Funny enough, in contrast to when I joined, the pendulum seems to have swung, and comments disparaging rust seem to be en vogue.


The issue is that InfluxDB is an infrastructure product. Changing the core impacts the way users interact with the product. If Figma decided to change their backend, it could be transparent to users.

Opinions could be different if first they implemented a complete compatibility layer, Flux included, prior to making the migration.


Would be great to see an in- depth blog post by Andrew and team about Rust, the bad and the good. They didn't just build a system but one that was optimized for performance. What were the major challenges during the rewrite? Have you optimized CI build times?


Is there a comparison of the new InfluxDB against https://clickhouse.com?

I ask because ClickHouse is quite hot at the moment from my experience in consulting and that seems to be reflected in Google Trends [1].

And there are some startups relying on ClickHouse for their log/monitoring products like https://signoz.io and https://hyperdx.io.

[1] https://trends.google.com/trends/explore?date=all&q=ClickHou...


https://github.com/influxdata/influxdb

The non-reddit link target


Yeah but the Reddit link is very relevant for the cto’s comments on the change.


It's weird because I got here from a link on lemmy.


This is intriguing. Interesting, how does this new Influx engine compete in terms of performance with VictoriaMetrics (which is written in Go and really fast)?

They moved their entire stack from Go to Rust, rewrote the system from the ground, and spent a lot of time on it, I guess this is a big cost.

Is it worth it?


If I'm reading this [0] right, there will be no a standalone OS influxdb 3.0 version. So there's no point in comparing. I also wonder if it would be allowed to publish benchmarks of ENT version by 3rd-parties.

[0] https://www.influxdata.com/blog/the-plan-for-influxdb-3-0-op...


How big are y'all that you need InfluxDB?

For one database that receives 100M 600 byte JSON records/day, a single node AWS PostgreSQL RDS instance is handling it effortlessly, and the DBA work is very part-time. We keep year+ of summaries and 48 hours of detail, unloading the rest to S3 as parquet files, queryable by Athena if we need. AFAICT, we're spending <$4K/mon all in, including backups.

p.s. a buddy at a top-3 TV streaming service is also doing this for logging all viewing activity, but with Aurora.
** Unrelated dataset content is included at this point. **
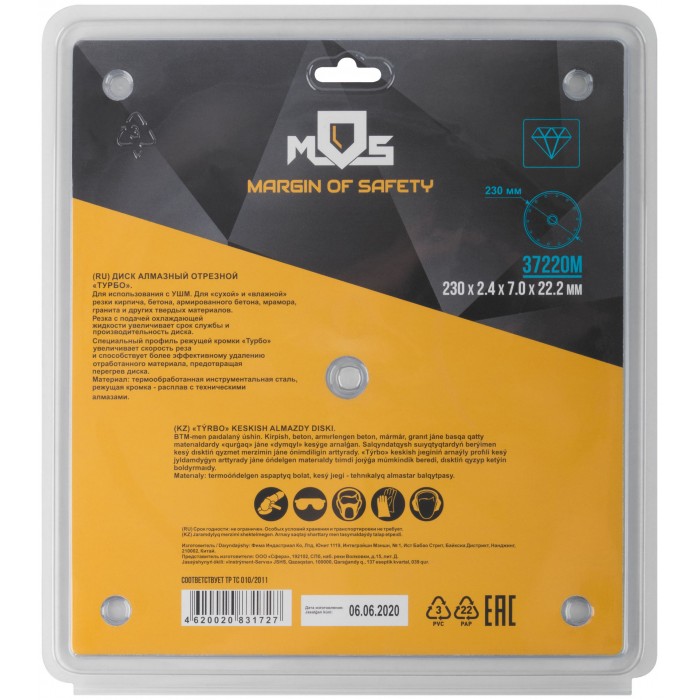 ''Турбо''. Для использования с УШМ. Посадочный диаметр 22,2. Для ''сухой'' и ''влажной''резки кирпича, армированного бетона, мрамора, гранита и других твердых материалов. Специальный профиль режущей кромки ''Турбо''Увеличивает скорость реза и способствует более эффективному удалению отработанного материала, предотвращая перегрев диска. Материал: инструментальная сталь, режущая кромка-расплав с техническими алмазами. Уп: Блистер

we're storing 120M records a day in influx 1.8, offloading cold data to S3, all on a single m5.xlarge instance that runs other backend services on the side. Less than 400 bucks per month overall aws cost, with lots of other VMs in there. We could use RDS too, but why change it to something more expensive if it already works...


thanks! killer example.

how are you dealing with failover?

how are you dealing with interactive reporting?

how large are your records?

is the s3 data in cold storage? how much is stored in S3 right now? is it warm-enough to query via (e.g.) athena?


update: it's actually more like $1500/mon and that includes an RDS proxy, failover instance and online backups with one-click restore.


I love InfluxDB 1.x and the TICK stack. They abandoned a beautiful piece of software to chase shiny things with 2.x... sad to see them do it again.

Someone needs to pickup the original ideas of 1.x since they can't seem to stay focused, as their marketshare is ripe for grabbing.


With 3.0 we've worked hard to pull in the v1 API. Both the v1 write and query endpoints are supported in v3. There may some gaps here and there, but our goal is to make it so that all the things that worked with v1 will work with v3. The only two exceptions would be the subscription API that Kapacitor used and Continuous Queries. We warned people off from using both of those features in v1 as they didn't work well under load.

With v3, I prefer to think of it as us doubling down on core database performance and functionality. With v2 we tried to create this whole development platform. V3 brings our focus back to the core database, which I think will yield better results for everyone.


Can someone explain what's the InfluxData's market? Or how they make/plan to make money?

If we speak about metrics, Prometheus just win.


So it sounds like you're asking about our use cases. We have customers across almost every vertical. But what's most common are application and server monitoring, sensor data (industrial, rockets, satellites, etc.), and network monitoring.

Metrics is certainly one use case that people pay us for. With v3, we expect that real-time analytics and some more data warehousing types of use cases will become interesting. We always envisioned InfluxDB as a store for observational data of all kinds, not just metrics.

On how we make money, we sell our products. We have at this time:

- InfluxDB v1 Enterprise (a self-managed, clustered implementation of InfluxDB)

- InfluxDB v1 Cloud (Enterprise, but as as single-tenant managed service. We still run this for hundreds of customers)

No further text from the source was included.